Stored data

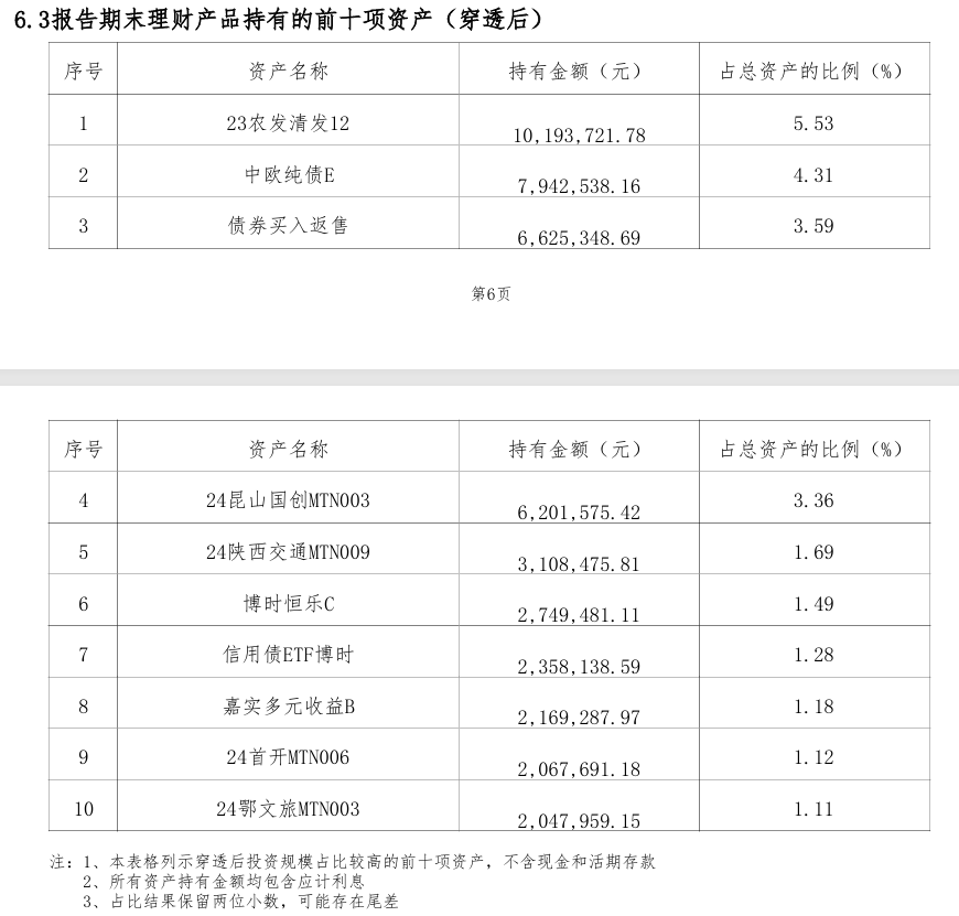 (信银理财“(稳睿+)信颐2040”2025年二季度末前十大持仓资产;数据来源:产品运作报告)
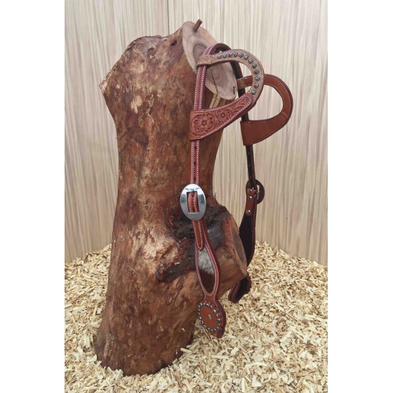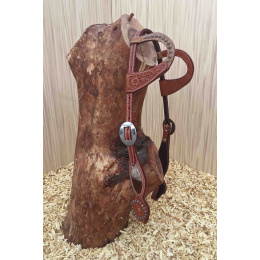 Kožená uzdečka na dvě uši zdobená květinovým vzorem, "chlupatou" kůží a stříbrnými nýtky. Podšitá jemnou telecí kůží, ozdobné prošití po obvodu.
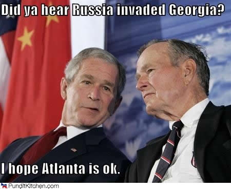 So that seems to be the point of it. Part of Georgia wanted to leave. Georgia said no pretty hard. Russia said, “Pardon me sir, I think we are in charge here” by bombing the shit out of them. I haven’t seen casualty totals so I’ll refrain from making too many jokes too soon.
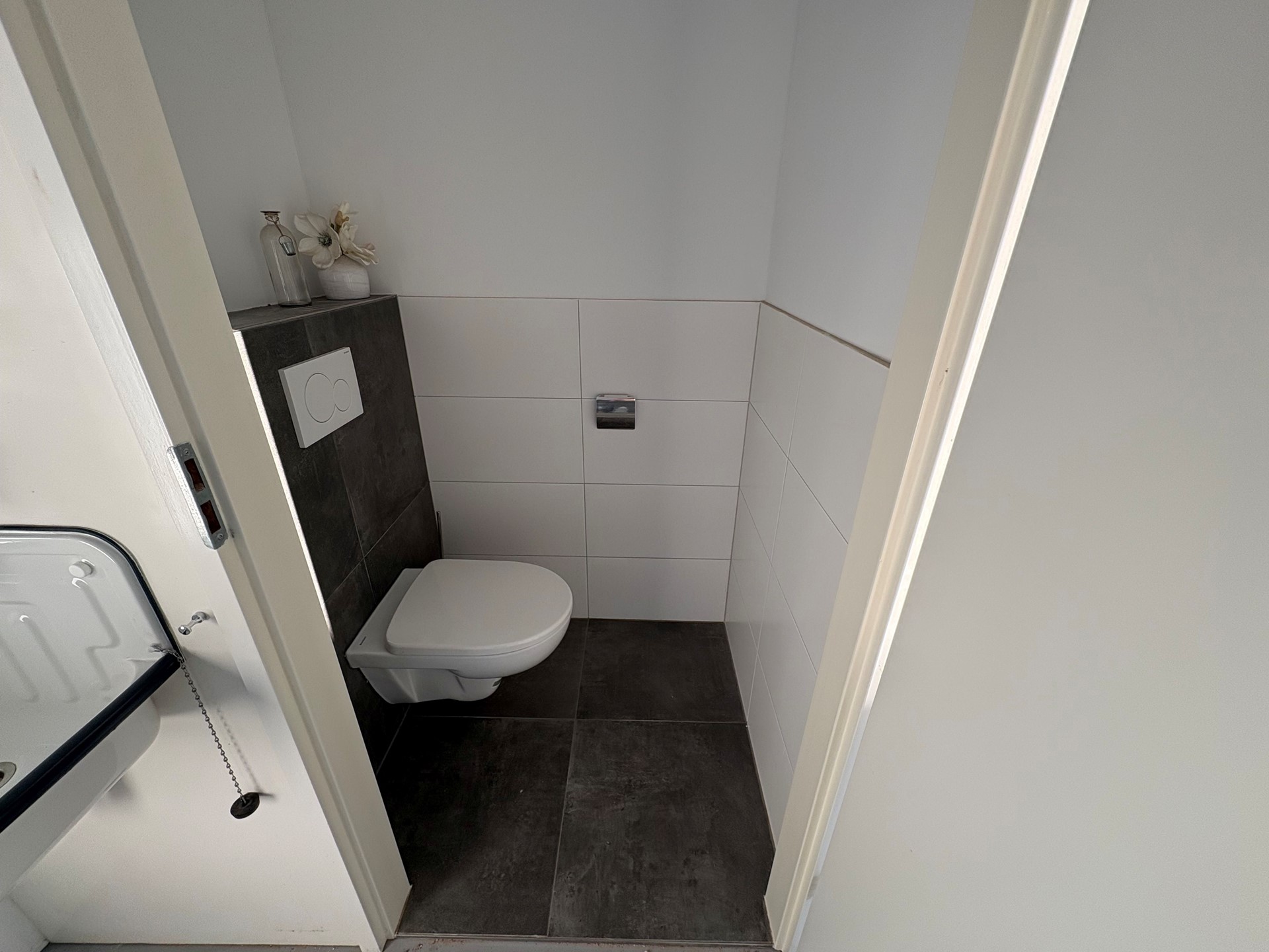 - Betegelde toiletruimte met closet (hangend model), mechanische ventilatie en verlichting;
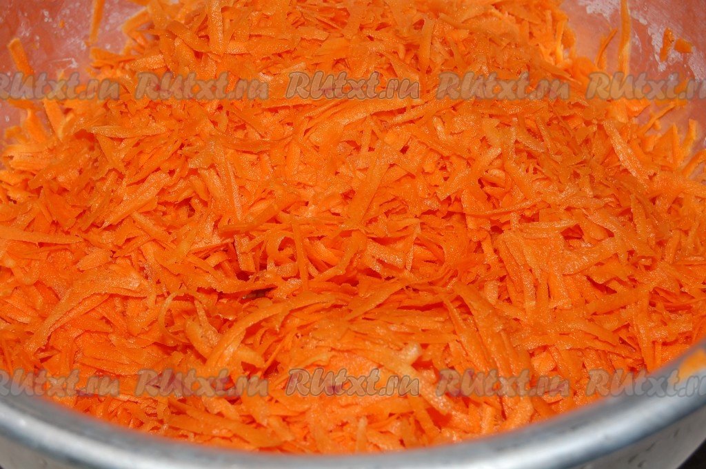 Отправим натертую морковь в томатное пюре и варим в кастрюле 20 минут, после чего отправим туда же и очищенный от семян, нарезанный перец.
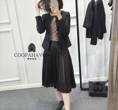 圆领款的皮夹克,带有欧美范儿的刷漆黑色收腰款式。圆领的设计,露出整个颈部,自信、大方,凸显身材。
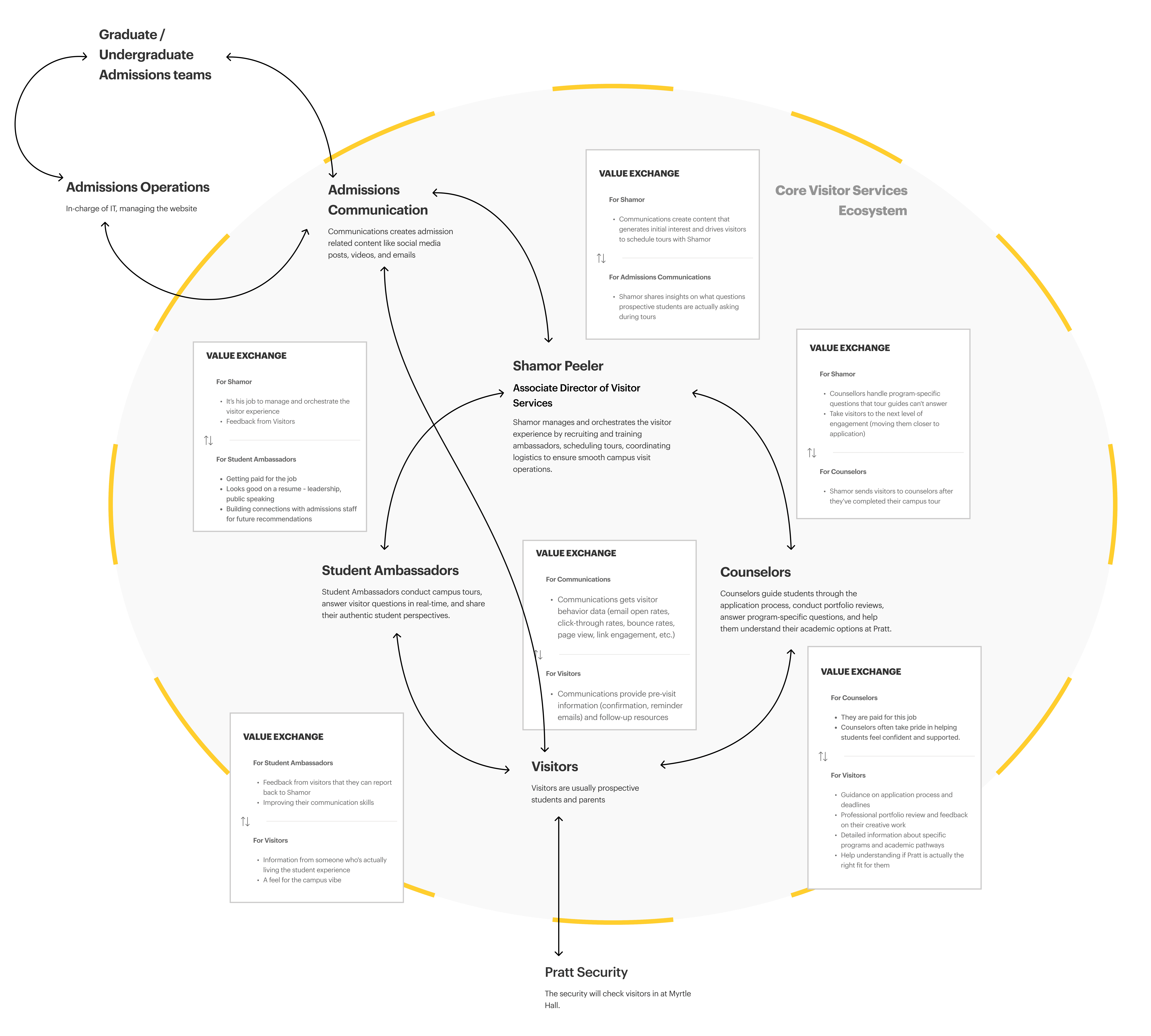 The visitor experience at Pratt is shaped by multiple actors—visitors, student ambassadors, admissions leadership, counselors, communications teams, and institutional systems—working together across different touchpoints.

Your instructions: Starting where a line contains "Отправим натертую морковь" and finishing at the last line above, set down every line exactly as it reads, with no pictures.

Answer to the exercise:
 Отправим натертую морковь в томатное пюре и варим в кастрюле 20 минут, после чего отправим туда же и очищенный от семян, нарезанный перец.
 圆领款的皮夹克,带有欧美范儿的刷漆黑色收腰款式。圆领的设计,露出整个颈部,自信、大方,凸显身材。
 The visitor experience at Pratt is shaped by multiple actors—visitors, student ambassadors, admissions leadership, counselors, communications teams, and institutional systems—working together across different touchpoints.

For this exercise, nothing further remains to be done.